Hiram Salsano, il presente del folk

Bucolica è l'esordio della cantante campana Hiram Salsano

Hiram Salsano
Hiram Salsano (foto G. Mandola)
Disco
world
Hiram Salsano
Bucolica
autoproduzione
2023

Ancora una volta storie di donne. Donne del Sud, con quella grinta flessuosa che è fatta di coscienza serena dei propri mezzi e al contempo è ritrosia pudica nel darsi troppo importanza. A ben vedere, un modo per ritrovare una sorta di sacralità laica nel momento della tensione, dell'espressione su un palco (o comunque in mezzo alle persone), e di understatement pacato quando ci si guarda attorno, e vedi tante schiene ingobbite a servizio degli schermi dei cellulari.

– Leggi anche: Rachele Andrioli, la tradizione è un rapporto d'amore

Una risorsa preziosa, le ragazze giovani e coscienti del nuovo folk del Sud: vivono nel terzo millennio, sanno usare l'elettronica nella musica e nella vita quotidiana, ma quando maneggiano outillage culturale che arriva da altre epoche, con quegli “attrezzi culturali” in disuso sanno creare deflagrazioni culturali che, in un colpo, spazzano via tutta la polvere che s’è accumulata sul concetto di “revival”.
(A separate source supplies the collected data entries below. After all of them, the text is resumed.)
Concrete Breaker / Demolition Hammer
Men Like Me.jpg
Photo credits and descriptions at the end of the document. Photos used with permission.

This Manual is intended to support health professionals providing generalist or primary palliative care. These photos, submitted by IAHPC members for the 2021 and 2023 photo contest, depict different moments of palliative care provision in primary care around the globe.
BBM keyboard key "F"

Qui non si “ridà vita” a qualcosa: la si vive, direttamente. Il preambolo per dire che oggi, accanto a Cinzia Villani, accanto a Enza Pagliara, Alessia Tondo e Rachele Andrioli, per fare esempi che arrivano alla Puglia, ora si tratta di aggiungere un’altra indomita forza della natura e della cultura campana, Hiram Salsano.
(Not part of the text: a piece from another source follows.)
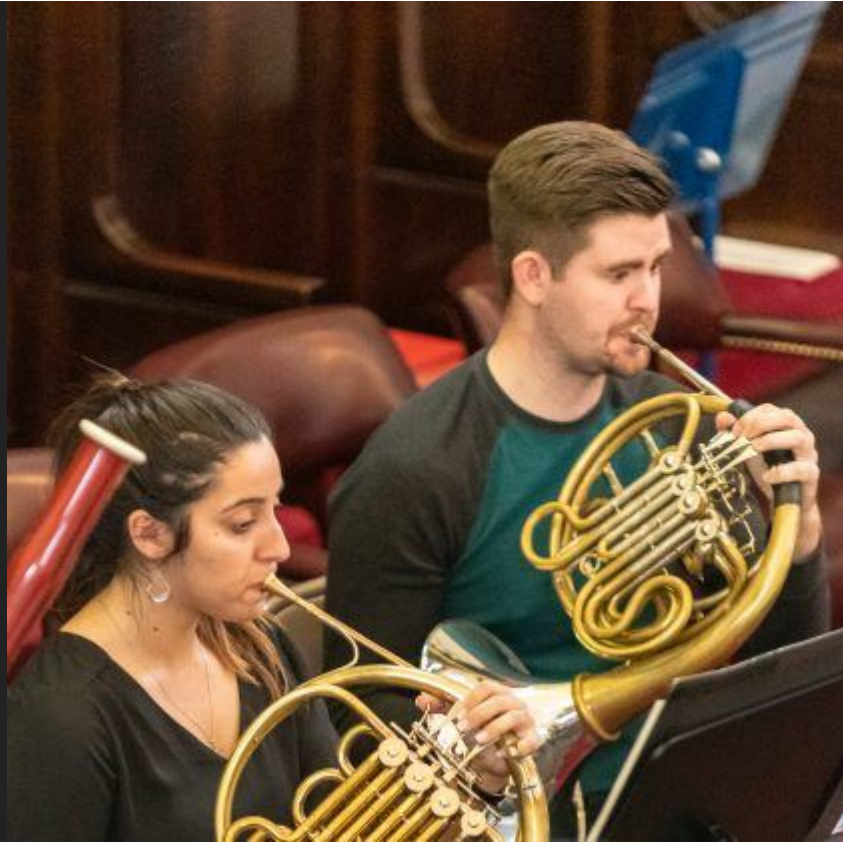
The Montclair Orchestra rehearses the last movement of Mozart's Symphony No. 40 in g minor, K. 550 W.A. in preparation of the their March 10th concert, Lyric, in Central Presbyterian Church, Sunday, March 3.
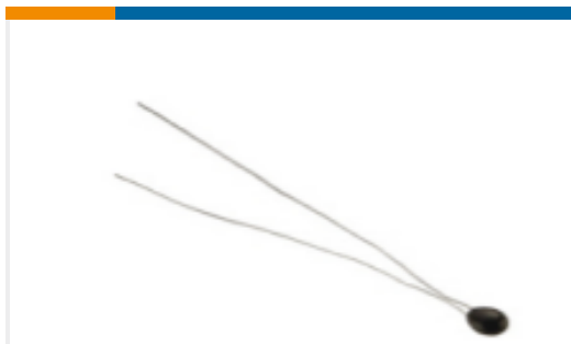
TE Part #GA10K4A1A DISCRETE 10K OHMS,+/-0.1C FROM 0C TO 70C

Che forse con un certa ironia intitola il suo disco d’esordio Bucolica, e si fa ritrarre in mezzo alle campagne cilentane, ai piedi dei monti Alburni, ma qui il gioco alla citazione è al quadrato e al cubo.
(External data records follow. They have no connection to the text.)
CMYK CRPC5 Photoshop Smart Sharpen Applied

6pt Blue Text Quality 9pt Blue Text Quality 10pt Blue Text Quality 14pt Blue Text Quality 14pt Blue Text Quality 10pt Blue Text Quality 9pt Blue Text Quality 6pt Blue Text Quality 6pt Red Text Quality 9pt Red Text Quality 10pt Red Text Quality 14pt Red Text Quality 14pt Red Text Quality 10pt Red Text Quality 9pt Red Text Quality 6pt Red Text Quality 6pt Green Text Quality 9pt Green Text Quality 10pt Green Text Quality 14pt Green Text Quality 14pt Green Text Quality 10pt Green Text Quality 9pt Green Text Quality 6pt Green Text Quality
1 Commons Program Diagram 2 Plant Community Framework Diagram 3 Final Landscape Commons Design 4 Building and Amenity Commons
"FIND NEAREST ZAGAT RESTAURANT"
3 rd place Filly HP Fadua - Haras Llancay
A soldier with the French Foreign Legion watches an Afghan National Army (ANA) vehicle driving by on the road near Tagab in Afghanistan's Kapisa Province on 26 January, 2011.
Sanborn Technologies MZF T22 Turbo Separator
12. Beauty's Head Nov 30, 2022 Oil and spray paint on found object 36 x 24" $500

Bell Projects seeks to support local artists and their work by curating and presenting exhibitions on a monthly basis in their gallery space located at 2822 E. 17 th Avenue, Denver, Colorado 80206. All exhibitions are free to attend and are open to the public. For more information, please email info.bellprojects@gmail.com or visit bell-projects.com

Perché Hiram Salsano, che canta fiera, assertiva e inventiva materiali tradizionali attestabili su un baricentro campano e tirrenico, davvero vive e lavora in campagna, è un’artigiana e una creatrice d’arte, e una contadina fiera di esserlo. Piccole grandi epifanie di questa strana epoca, che mette in conto iperconnessioni che non servono a comunicare, ma ad essere istericamente presenti sempre e comunque, e scelte di isolamento che garantiscono invece, poi, esplosioni di comunicativa vera torrenziali.

Come succede qui, con Hiram alla voce, ai loop vocali (che ne moltiplicano le possibilità, come usa fare Rachele Andrioli), ed ai tamburi a cornice, Catello Gargiulo a fisarmonica, scacciapensieri, tamburi, voce, flauto armonico, Gianluca Zammarelli alla chitarra battente, ciaramella, zampogna, Mario Pivetta alla batteria, Peppe Frana con l’oud arabo tra le braccia. Un serraglio mediterraneo di strumenti sporto dunque sul presente e sul futuro.

Troverete, frutto di ricerca ostinata, di ricordi personali, di acquisizioni da “alberi di canto” ritrovati tarantelle, serenate, filastrocche e strambotti arguti, un canto di protesta bracciantile, canti sul tamburo. Su tutto, l’aspra e sorgiva potenza di un canto non temperato che sfida il presente dell’autotune e delle voci finte per intrecciare il passato al futuro.

Questo potrebbe essere un buon presente.